Data shown:
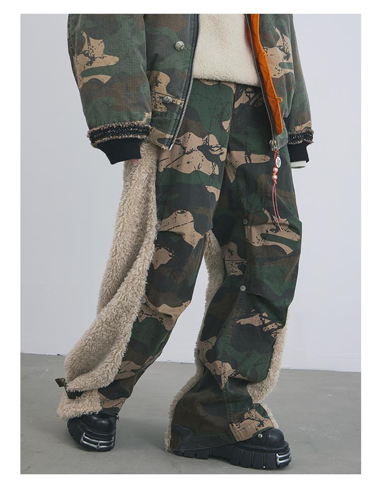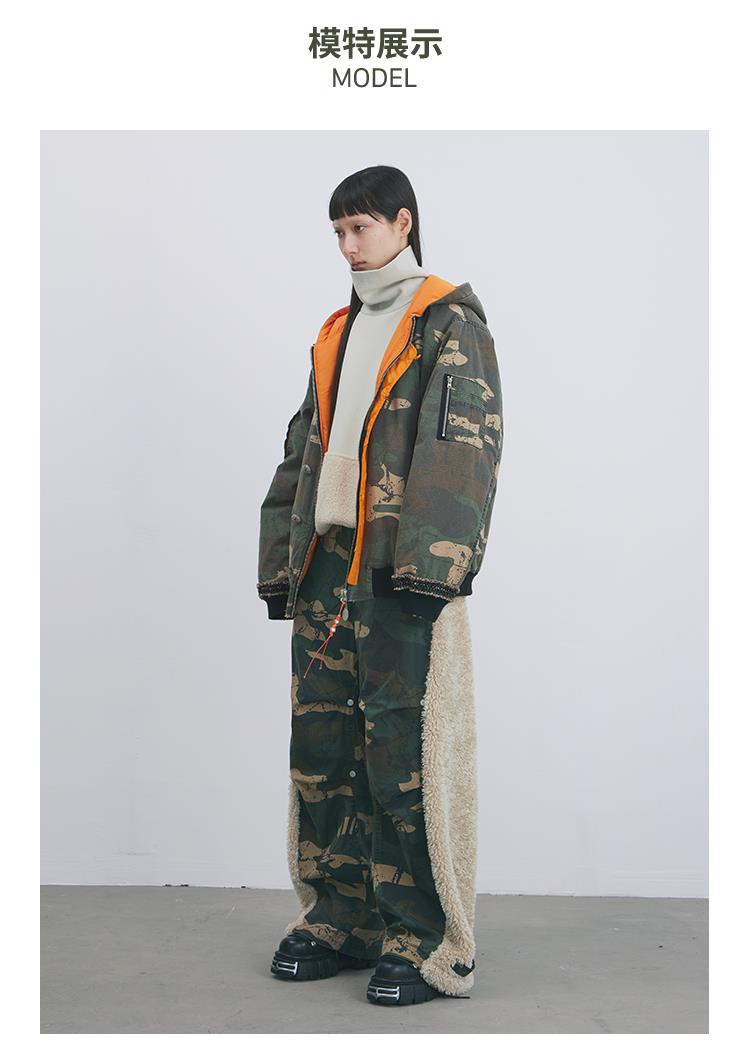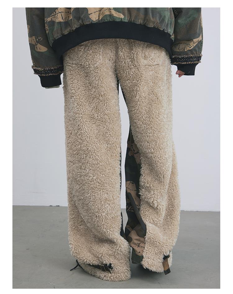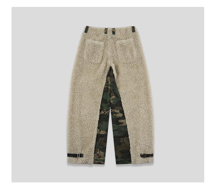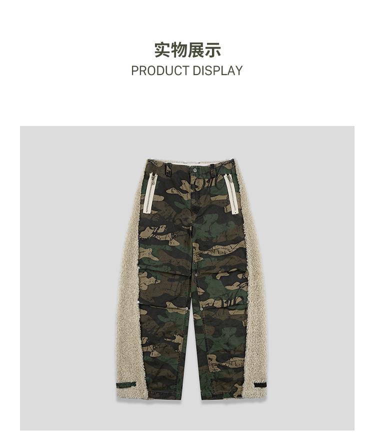 GOODBAI 916 迷彩拼接仿羊驼绒刺绣工装直筒休闲裤
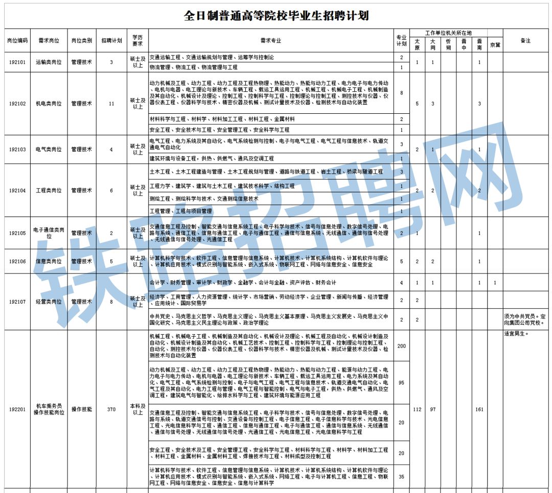 中国铁路太原局集团有限公司东起能源大港秦皇岛,西至黄河禹门口,北到煤都大同,南至古迹风陵渡,路网纵贯三晋南北,横跨晋冀京津两省两市,重载技术先进、货运量大、运输收入高、管内旅游资源丰富,是全路唯一运输业整体上市的集团公司,是山西省唯一的综合服务型5A级物流企业。根据企业发展需要,现将2019年全日制高校毕业生招聘有关事项公告如下:
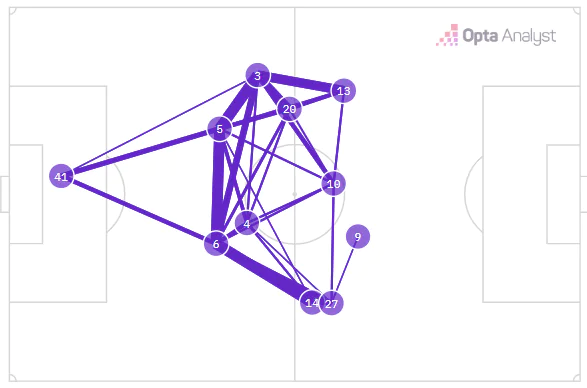 Kuryu Matsuki, who on paper was Saints’ right winger on the night, became a right centre midfielder, pushing Flynn Downes and Caspar Jander vertically into a midfield three. This change allowed Saints to dominate the midfield, and QPR’s core collapsed.
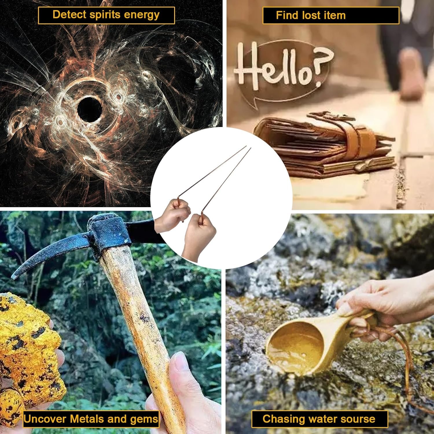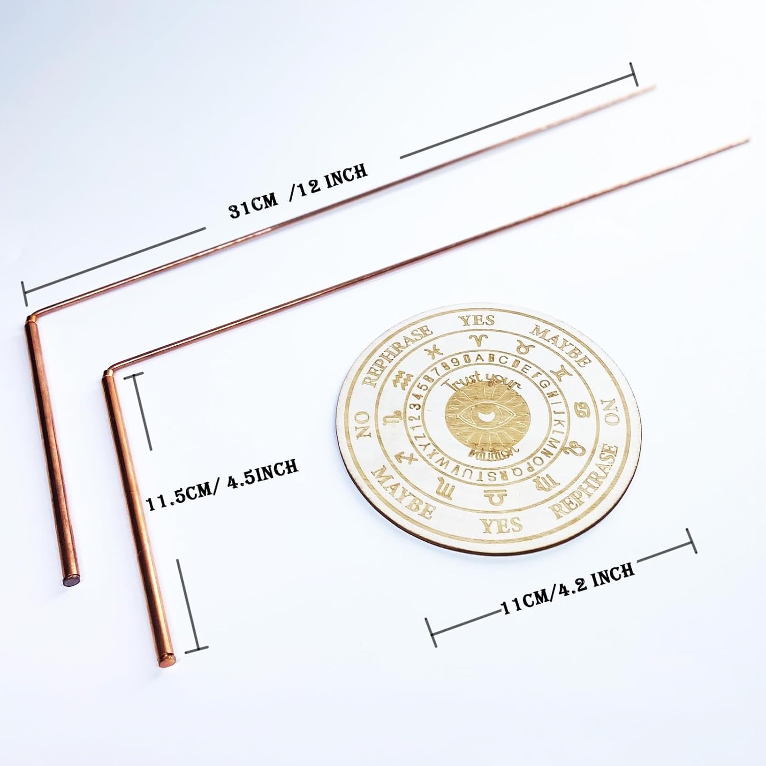 Unlock the mysteries of the universe and expand your spiritual awareness with our Copper Dowsing Rods Spiritual & Pendulum Board Kit.

About this task:
Copy exactly, and only, the lines from the first line of the material through the line that contains "Kuryu Matsuki, who", both ends kept; no pictures.

Exercise result:
 GOODBAI 916 迷彩拼接仿羊驼绒刺绣工装直筒休闲裤
 中国铁路太原局集团有限公司东起能源大港秦皇岛,西至黄河禹门口,北到煤都大同,南至古迹风陵渡,路网纵贯三晋南北,横跨晋冀京津两省两市,重载技术先进、货运量大、运输收入高、管内旅游资源丰富,是全路唯一运输业整体上市的集团公司,是山西省唯一的综合服务型5A级物流企业。根据企业发展需要,现将2019年全日制高校毕业生招聘有关事项公告如下:
 Kuryu Matsuki, who on paper was Saints’ right winger on the night, became a right centre midfielder, pushing Flynn Downes and Caspar Jander vertically into a midfield three. This change allowed Saints to dominate the midfield, and QPR’s core collapsed.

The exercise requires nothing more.